Палубы, штурвалы, трюмы, бункеровки, аварии – за всем этим проскользнула жизнь, стороной прошли вот эти смеющиеся, прекрасные женщины. И не какие-нибудь буржуазии в полосатых пижамах и с красными от лака ногтями, а родные женщины, что умели драться на фронтах, жертвовать собой, жить для будущего.
Эх, моряцкая жизнь, будь она четырежды проклята!
«Прозевал! – подумал Чоп и нахмурился. – Молодые обскакали тебя, старого черта».
Они заехали на субтропическую станцию и срезали много цветов.
Ветер часто бросал в лицо капитану зеленый шарф Невской. Чоп вздрагивал от его легких ударов, как от прикосновения милой руки.
Невская всю дорогу смеялась. Ее веселило поведение деревенских псов.
Завидев издали машину, они лениво выходили на улицу. На мордах у них было выражение необычайной скуки и равнодушия ко всему на свете. Некоторые даже зевали, садились и вычесывали блох. Но стоило машине поравняться с любым псом, как он внезапно приходил в наигранную ужасающую ярость и мчался около колес с хриплым рычанием и лаем. Проводив машину до границы своей земли, пес тут же успокаивался, сбрасывал с себя маску ярости и, прихрамывая, убегал домой с прежним выражением скуки на морде.
Стремительный бег машины бросал в лицо пригоршни солнечных пятен, скакавших в листве, белую пыль, ветер, лай собак, крики детей и глухой ропот мотора.
…В этот день барометр в комнате Габунии показывал «ясно».
С раннего утра Габуния и Миха волновались. Миха часто посматривал на небо: не видно ли туч. Но их не было. Голубой день подымался над землей в безветрии и глубокой тишине. Был слышен глухой стук топоров: плотники сколачивали в лесу на берегу канала длинный стол и скамейки.
Рабочие-мингрелы брились я бараках. Сема набивал бумажные гильзы таинственным порошком. С утра он свистел и крякал. Это служило у него признаком хорошего настроения.
Гости начали съезжаться к полудню. Первыми приехали Кахиани, Пахомов и Вано Ахметели, потом Чоп и Невская. Гриша прибыл во главе милицейского оркестра.
В воде канала переливались красные флаги. Лианы свешивались с деревьев над столом, накрытым на сто человек.
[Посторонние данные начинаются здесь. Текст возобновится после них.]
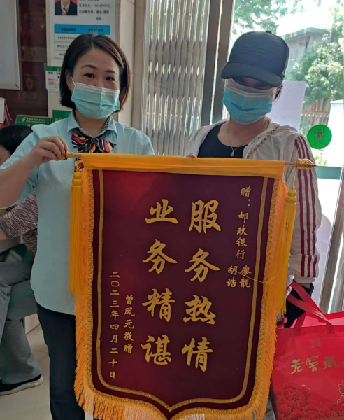 近日,南昌市青山湖区分公司氨厂营业所收到了客户曾女士赠送的锦旗。据了解,曾女士开店做生意,平时会收到大量的零钞和硬币。为了存这些钱,曾女士跑了多家银行被拒。没想到最后在氨厂营业所询问该项业务时,邮政员工二话不说,耐心地帮她清点了零钱,办理完成存款。为了表达感激之情,曾女士特地送来一面印有“服务热情,业务精湛”的锦旗。锦旗虽小,却凝聚了客户无限的真情,更是客户对营业所服务工作的认可。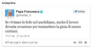 Anche Papa Francesco interviene sul lavoro: "Se viviamo la fede nel quotidiano, anche il lavoro diventa occasione per trasmettere la gioia di essere cristiani". Lo dice sul suo account Twitter.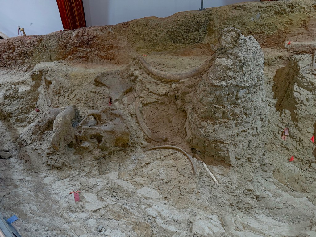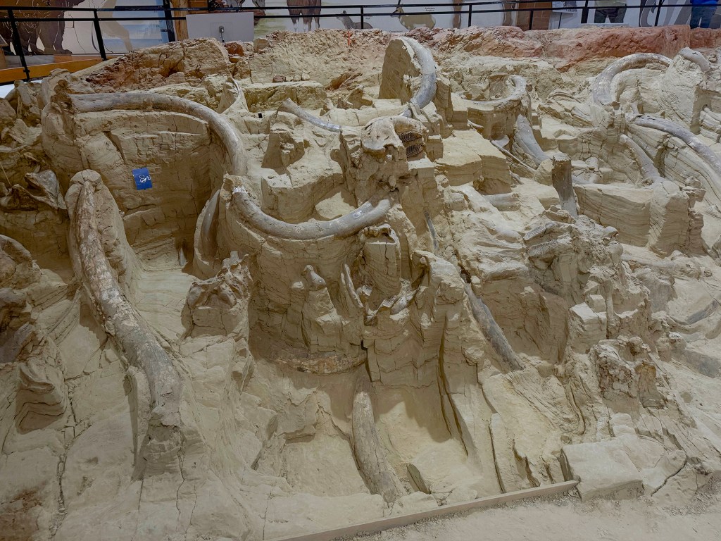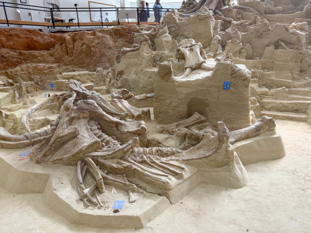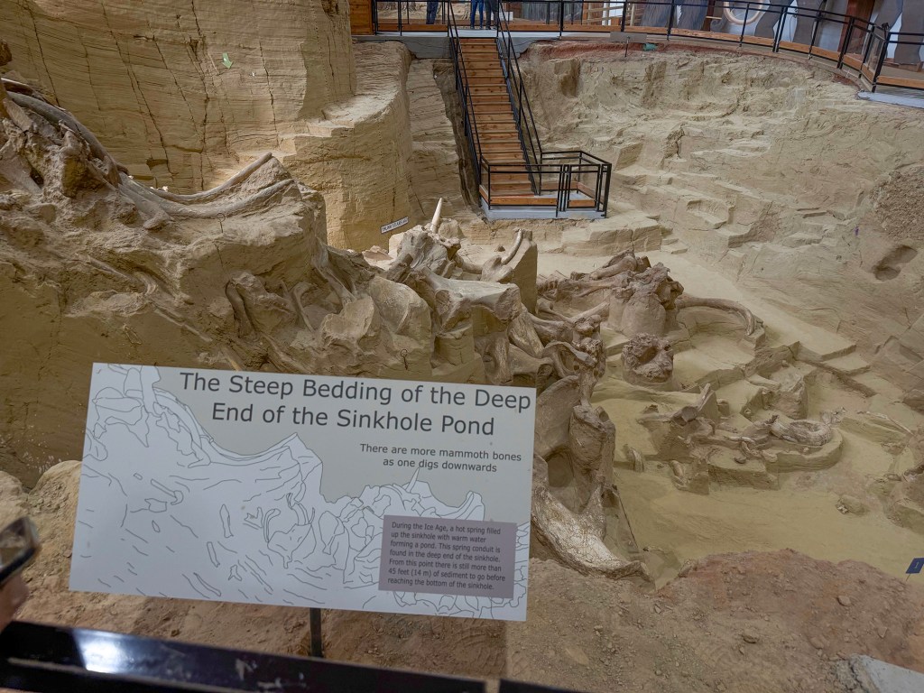 The Mammoth Site is a museum and gerontological site near Hot Springs, SD, in the Black Hills. It is an active paleontological excavation sire at which research and excavations are continuing. The facility encloses a prehistoric sinkhole that formed and was slowly filled with sediments during the Pleistocene era. The sedimentary fill of the sinkhole contains the remains of fauna and flora preserved by entrapment and burial within the sinkhole. As of 2016, the remains of 61 mammoths, including 58 North American Columbian and 3 wooly mammoths has been recovered. Mammoth bones were found at the site in 1974, and a museum and building enclosing the site were established. the museum now contains an extensive collection of mammoth remains.

Старый духанщик из «Найдешь чем закусить» сокрушался, что на стол не хватило скатертей. Чад жареной баранины подымался к небу из походной кухни и смешивался с запахом лаваша и лилового вина «Изабелла».
Через канал была протянута над самой водой тонкая красная лента.
Кахиани с Габунией и самым старым человеком на канале – Артемом Коркией спустились в моторный катер.
Сема, выбритый и торжественный, стоял у руля и придерживал катер багром. Он стоял навытяжку, как принято стоять у парадных трапов в военном флоте. Сема тоже понимал толк в порядке и вспомнил старую корабельную дисциплину.
Рабочие собрались по берегам.
Кахиани махнул рукой. Сема включил мотор.
Задача состояла в том, чтобы перерезать носом катера красную ленту. Это было нелегко. Сема прищурил глаз, вынул трубку и впился в ленту. Катер несся по воде, гудел и набирал скорость.
Нос его ударил в середину ленты, натянул ее. Лента лопнула, концы ее взвились в воздухе, и моторка рванулась вперед по каналу с частой, оглушительной пальбой.
– Гип, гип, ура! – крикнул Сема и поднял руку.
Ему ответил многоголосый крик на берегах. Оркестр заиграл «Интернационал». Рабочие сняли войлочные шляпы. Сема выключил мотор. Все в катере встали.
Впервые девственные леса слышали музыку и глухой хорал голосов.
Невская взглянула на Чопа. Он держал у козырька загорелую руку, казавшуюся черной от белизны кителя. Во всей его фигуре были сдержанная сила и спокойствие. И Невская подумала, что люди совсем не так часто слышат «Интернационал», эту торжественную музыку, и всякий раз она ощущается ими как итог громадных работ, как музыка победы, как завершение труда. Поэтому, быть может, так заметно бледнеют их лица.
Когда оркестр затих, Кахиани крикнул рабочим:
– Гамарджоба, товарищи! Приветствую с победой!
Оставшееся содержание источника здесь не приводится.